Popular (ensemble) Kalman filter data assimilation (DA) approaches assume that the errors in both the a priori estimate of the state and the observations are Gaussian. For constrained variables, for example, sea-ice concentration or stress, such an assumption does not hold. The variational autoencoder (VAE) is a machine-learning (ML) technique that allows us to map an arbitrary distribution to/from a latent space in which the distribution is supposedly closer to a Gaussian. We propose a novel hybrid DA–ML approach in which VAEs are incorporated in the DA procedure. Specifically, we introduce a variant of the popular ensemble transform Kalman filter (ETKF) in which the analysis is applied in the latent space of a single VAE or a pair of VAEs. In twin experiments with a simple circular model, whereby the circle represents an underlying submanifold to be respected, we find that the use of a VAE ensures that a posteriori ensemble members lie close to the manifold containing the truth.

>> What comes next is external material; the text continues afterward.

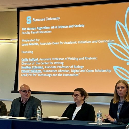 The afternoon featured a panel session entitled "The Human Algorithm: AI in Science and Society," moderated by Associate Dean for Academic Initiatives and Curriculum Laura Machia. The discussion brought together Associate Professor of Writing and Rhetoric Collie Fulford, Associate Professor of Biology Heather Coleman and Humanities Librarian Patrick Williams, exploring how artificial intelligence is reshaping both scientific research and societal structures.

Furthermore, online updating of the VAE is necessary and achievable when this manifold varies in time, that is, when it is non-stationary. We demonstrate that introducing an additional second latent space for the observational innovations improves robustness against detrimental effects of non-Gaussianity and bias in the observational errors but lessens the performance slightly if observational errors are strictly Gaussian.

The paper is an endeavour from Ivo Pasmans at Reading University, now at the ECMWF. It is entitled Ensemble Kalman filter in latent space using a variational autoencoder pair, and is published in the Quarterly Journal of the Royal Meteorologicla Society.